Darauf antwortete Heidel: "Von den 16 Spielern haben neun in der vergangenen Saison kein Bundesligaspiel absolviert, sieben waren gar nicht da, weil sie ausgeliehen waren oder aus dem Jugendbereich kamen. Wir haben doch keine Spieler aus dem Stamm abgegeben."

Richtig gerechnet habe Schalke "sieben Spieler abgegeben, die in der Bundesliga gespielt haben, und vier dazu geholt. Das heißt, der eigentliche Kader ist um drei Spieler reduziert worden."

Das entspreche ziemlich genau der gewünschten Kadergröße: "Sie ist so, wie wir sie haben wollten, vielleicht ein Spieler zu wenig.
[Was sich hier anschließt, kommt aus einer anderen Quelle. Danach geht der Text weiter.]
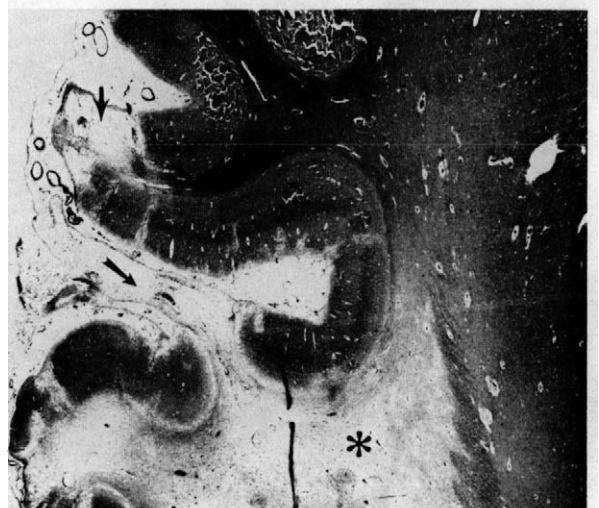
FIG. 3. Section of the calcarine fissure shows prominent infarction of the inferior bank (long arrow) and only minimal affection of the superior bank (short arrow). Subcortical loss of myelin produces conspicuous pallor around the area of infarction(*).

quently, its management. In a study of 104 cases of isolated anopsias, 12 Trobe et al found that 86% of the cases were due to infarction in the posterior cerebral artery territory. Of these, only 16% had homonymous quadrantanopsias. Unfortunately, no correlation with the location of the lesions producing the quadrantic defects was established.

Aber es war für uns eben eine ganz schwierige Entscheidung, ob wir dem Wunsch von Johannes Geis entsprechen."

Heidel: "Obwohl wir Bauchschmerzen hatten"

Geis  war nach dem Ende der Bundesliga-Transferperiode auf die Verantwortlichen zugekommen und hatte um die Freigabe für einen Wechsel zum FC Sevilla gebeten. In Spanien war das Transferfenster zu diesem Zeitpunkt noch offen.

"Deshalb haben wir beschlossen, ihm diesen Wunsch zu erfüllen, obwohl wir große Bauchschmerzen dabei hatten", so Heidel.